Меня, как выяснилось, поселили с «шизоэпилепсиками», припадочными. Вот с кем было по-настоящему интересно. Мы-то знали, что в нашу палату попадают только избранные, наиболее одаренные, прошедшие самый строгий отбор дети. Так утверждал Барон и мы охотно с этим соглашались, потому что разница между нами и прочими детьми была заметна невооруженным глазом. Правда, я не совсем понимал, как к нам затесался Пионер, но надо было признать, что и он был особенным.
Было еще несколько аутят. Эти всегда были одиноки, несчастны, боязливы, в общем, не от мира сего. Они смотрели на всех и на меня в том числе испуганно, даже как-то затравленно, а я не люблю, когда меня боятся. Аутята были мне не очень симпатичны, но я их не обижал.
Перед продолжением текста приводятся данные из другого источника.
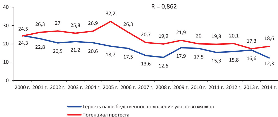
Рис. 4. Потенциал протеста и доля населения с низким уровнем запаса социального терпения (в % от числа опрошенных)

Вторая группа факторов, показавшая тесную связь с уровнем потенциала протеста, относится к социальному самочувствию жителей области (рис. 4 и 5). Низкий уровень запаса терпения, характерный в среднем за рассматриваемый период для четверти населения, и негативное эмоциональное состояние, которым отличается около 40% населения, являются важными составляющими потенциального социального протеста. Коэффициент корреляции протестных настроений с данными индикаторами составил за период измерений в среднем 0,8.
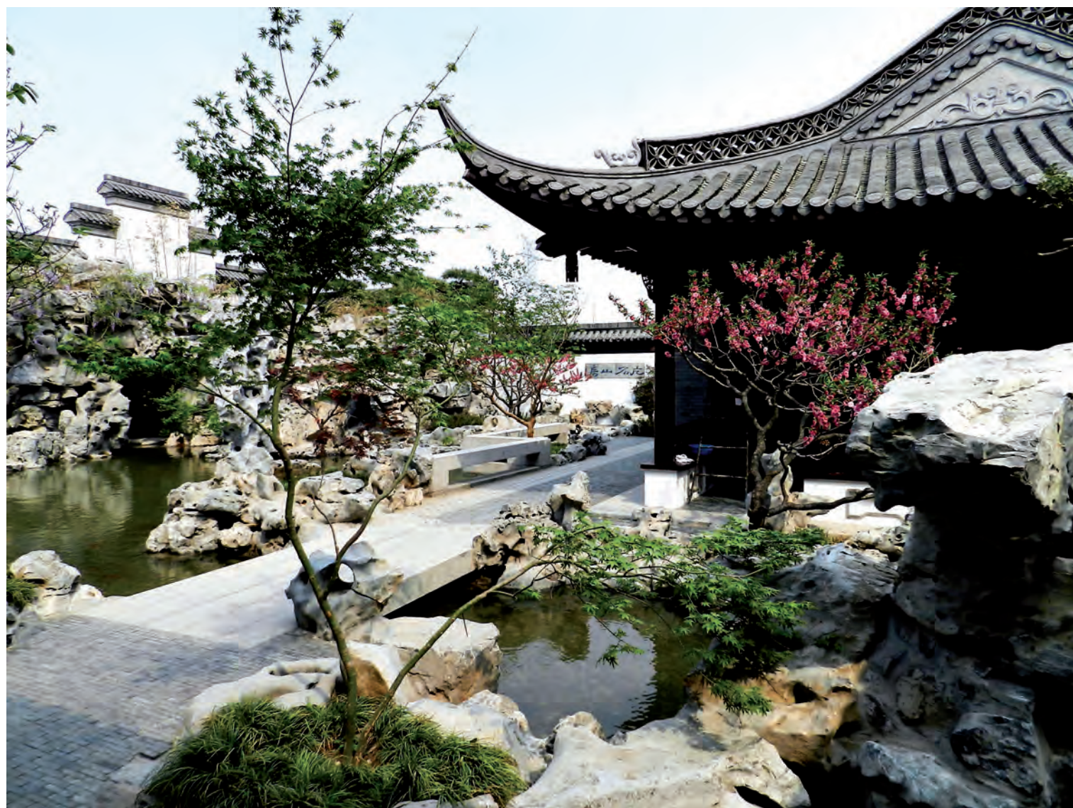
Jardín histórico dentro del Museo de la jardinería china en Beijing. Los jardines son réplicas de obras históricas en diversas regiones de China.

Dejo de lado aquí la discusión sobre el modelo de desarrollo urbano chino y sus implicaciones para dicho país y para el mundo. Por su parte, se observan tres grandes vertientes en lo referente a la profesión en este país. La más evidente consiste en la "ornamental representativa", que se advierte sobre todas las calles principales de las ciudades chinas, en los alrededores de los aeropuertos, en los centros modernos de las grandes ciudades, en las exposiciones de jardinería, etcétera. Aquí, las intervenciones de arquitectura de paisaje afirman contundentemente el poder económico de la potencia China: aspectos de sustentabilidad son secundarios, incluso irrelevantes; al contrario, las áreas verdes requieren de alto mantenimiento y muchas veces domina el "kitsch".

Настоящим открытием для меня стало знакомство с девочками. Мне запомнилась Глашка, уже почти взрослая девица. Она была из отряда придурков и отличалась строптивым нравом. Ее трудно было назвать красавицей, но все мальчишки липли к ней, как будто у нее было медом намазано. Я догадывался где, в каком месте, но мне было как-то стыдно об этом думать и я старался отгонять от себя эти греховные мысли. Она всем давала потрогать у себя, если ты дашь потрогать у себя. «Ты не думай, я не какая-нибудь, – говорила она, – у нас равноправие. За это еще Клара Цеткин боролась…» «А она, твоя Цеткин, давала потрогать?» – спрашивали у нее. «Отстаньте, дураки…» – шипела Глашка. У нас даже вошла в обиход поговорка, точнее отговорка, когда кто-то хотел кому-то в чем-то отказать. Например, если ты спрашиваешь – можно мне добавку компота? Тебе тут же отвечают – можно Глашку за ляжку. Это означает, что нет, нельзя. Без указания причин. Неясно было только одно: почему Глашку можно, а, к примеру, компот нельзя?
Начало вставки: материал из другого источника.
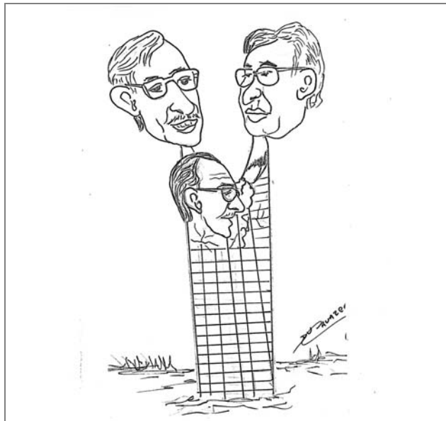
FIGURA 1 - CHARGE REFERENTE AO OBELISCO 1969 (Autor desconhecido)

A obra arquitetônica, representada na foto 2, página 76, nem de longe lembra a saga dos primeiros colonos, que desbravaram a região, e que deram origem a diversas cidades no sudoeste do Paraná. A intencionalidade aparece em uma placa fixada em sua estrutura onde diz que homenageia os colonos pioneiros das terras do sudoeste.
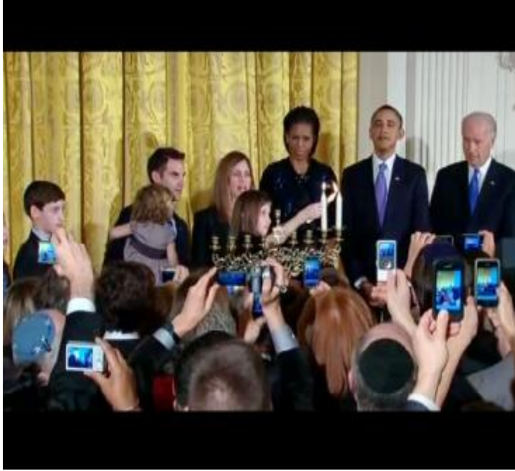
Fotoğraf 16: Avrupa ve Amerika'daki Hanuka töreninin kutlanışından bahsederken.

Настоятель объяснял такое Глашкино поведение бурно протекающим половым метаморфозом. Это если по-научному. Я не очень понимаю, что это такое, но, наверное, что-то не очень хорошее. У самой Глашки было другое объяснение. Она утверждала, что такая жизнь у нее началась неспроста. Что ее лишил невинности (получается, возвел напраслину, сделал в чем-то виноватой, как я тогда себе это представлял) какой-то очень важный начальник, чуть ли не всесоюзный староста Калинин. На съезде во Дворце Советов, где она подрабатывала официанткой. Вот на кого бы никто не подумал! Такой добрый старичок.
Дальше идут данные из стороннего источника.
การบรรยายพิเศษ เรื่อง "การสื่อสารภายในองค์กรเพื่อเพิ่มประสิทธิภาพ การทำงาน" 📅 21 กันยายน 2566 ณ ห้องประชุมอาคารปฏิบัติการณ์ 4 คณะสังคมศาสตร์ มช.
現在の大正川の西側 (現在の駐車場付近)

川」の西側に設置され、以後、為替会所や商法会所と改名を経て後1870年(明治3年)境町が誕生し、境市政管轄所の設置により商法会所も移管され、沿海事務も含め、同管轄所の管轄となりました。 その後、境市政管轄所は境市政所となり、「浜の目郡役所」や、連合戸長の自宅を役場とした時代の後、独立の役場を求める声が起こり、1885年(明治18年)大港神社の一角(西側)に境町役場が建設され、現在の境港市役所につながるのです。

В общем, Глашке было нелегко с этим самым половым метаморфозом, но она справлялась.
Однако гораздо сильнее меня тянуло не к ней, а к другой девочке. Я не знал как ее зовут. Просто девочка и все тут. Она любила тишину и уединение. И все время что-то рисовала в своем альбоме. Глаза ее были похожи на васильки в солнечной траве и вся она была объята каким-то нежным, призрачным сиянием с оттенком алого. Когда я подходил к ней и спрашивал – «как тебя зовут и что ты рисуешь?» – она вся съеживалась и закрывала альбом. Но однажды сказала мне: «Природу». «А зачем?» – спросил я. «Мне нравится природа», – добавила она. Больше я не слышал от нее ни одного слова. А мне очень хотелось. У нее был такой приятный голос… Ну и сама она была красивая. Только тупая, как и все придурки.
Как-то я незаметно подошел к ней со спины и подсмотрел, что у нее там в альбоме. Это была березка. И на следующем листе березка. Я понял, что она рисует только березку, одну только березку, всегда одну и ту же. И подписывает каждый рисунок – Настя. Так я узнал, как ее зовут.
Чтобы Настю никто не обижал я решил ее защищать. Случай проявить себя представился очень скоро. Я хорошо, во всех подробностях запомнил этот день. После завтрака нас вывели погулять. Эдуард достал припрятанную в кустах большую штыковую лопату. Наверное, ее забыл кто-то из персонала после уборки территории.
– Я пойду в лес, – сказал он мне. – Только никому не говори…
– Зачем? – спросил я его. – Да еще с лопатой?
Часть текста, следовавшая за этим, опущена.